Stelk fights through third ACL tear

By Jake Knabel, Sports Information Director

A healthy 2014 soccer season would be the first in more than three seasons for junior-to-be Jaimi Stelk. The injury bug has been especially unforgiving of Stelk, biting her with three ACL tears spread over the last three years. The run of misfortune dates back to her senior year at Grand Island Northwest High School.

The tear of her left ACL in 2013 (second time tearing the left ACL) sidelined her for all but two of the Bulldogs’ 20 games. It may have seemed like an opportune time for Stelk to simply give the game up. It would have been an easy and understandable thing to do with another period of rehab staring her in the face.

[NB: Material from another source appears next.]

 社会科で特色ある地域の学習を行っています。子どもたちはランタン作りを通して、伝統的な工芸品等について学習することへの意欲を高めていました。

“Most people I talk to say, ‘you should stop,’” Stelk said. “I have a couple people like (teammate) Marcie (Sindt) – she tore her ACL this year – and she was like, ‘OK, I know where you’re coming from. I’m here with you.’ She’s helping me through it. And my mom, she’s like ‘whatever you want to do, I’m there for you.’”

Stelk’s determination is a must as she continues on the comeback trail. The rehab process isn’t complete and there’s no guarantee she will be ready on Aug. 29 when the team opens up the 2014 season. On the plus side, Stelk knows exactly what she’s dealing with.

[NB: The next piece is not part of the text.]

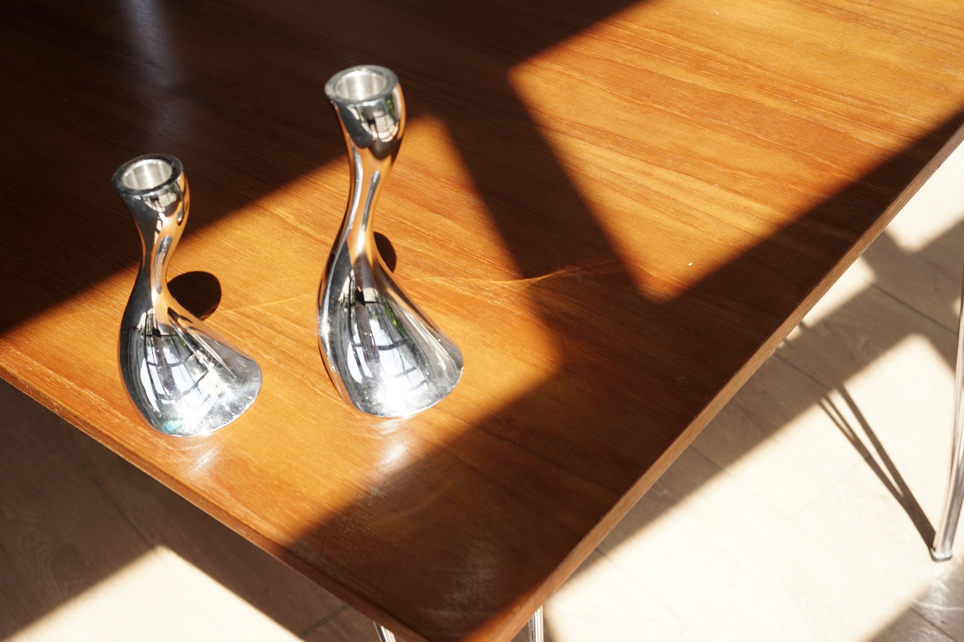 纖細的金屬腳呈現明亮反射感,與木質檯面形成俐落的北歐現代感。160×85 cm 的比例,既可作為 4–6 人餐桌,也很適合當工作桌或會議桌。

“It’s a slow, long process,” Stelk said. “You have to wait a few weeks to have surgery. Once that happens you work on range of motion every single day, and it’s painful range of motion. And then you have the crutches. Then you start walking and eventually running and building strength. It’s just really slow.”

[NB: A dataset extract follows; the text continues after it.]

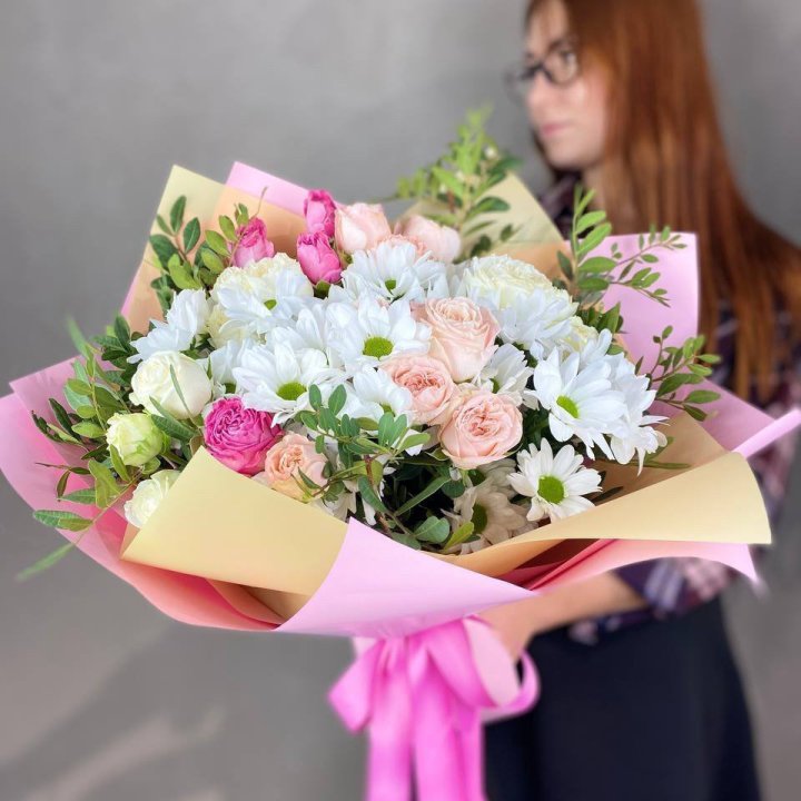 На первом месте стабильно розы. Дальше — пионы в сезон, тюльпаны к 8 марта, кустовые хризантемы осенью. Авторские миксы с эвкалиптом растут в популярности последние годы, особенно у молодой аудитории.

The Grand Island native is spending the summer working out and training in Seward along with several teammates. She’s back to performing soccer-specific activities but there are still challenges that lie ahead, particularly on the mental side.

“Oh yeah, you can tell I’m rounding off my cuts,” Stelk said. “(Mentally) it’s way harder than the physical part of it.”

In fighting those significant mental battles, Stelk figures to earn plenty of respect from her teammates. Head coach Greg Henson is among those who have been impressed by Stelk’s burning desire to return to the pitch.

“Jaimi’s been an inspiration to the program in showing the type of determination and focus it requires to overcome adversity,” Henson said. “Most 20 year olds would’ve packed it in and said enough is enough after a third-straight ACL surgery, but not Jaimi. We met shortly after her surgery to discuss her options and she stated without hesitation that she wanted to play next fall.”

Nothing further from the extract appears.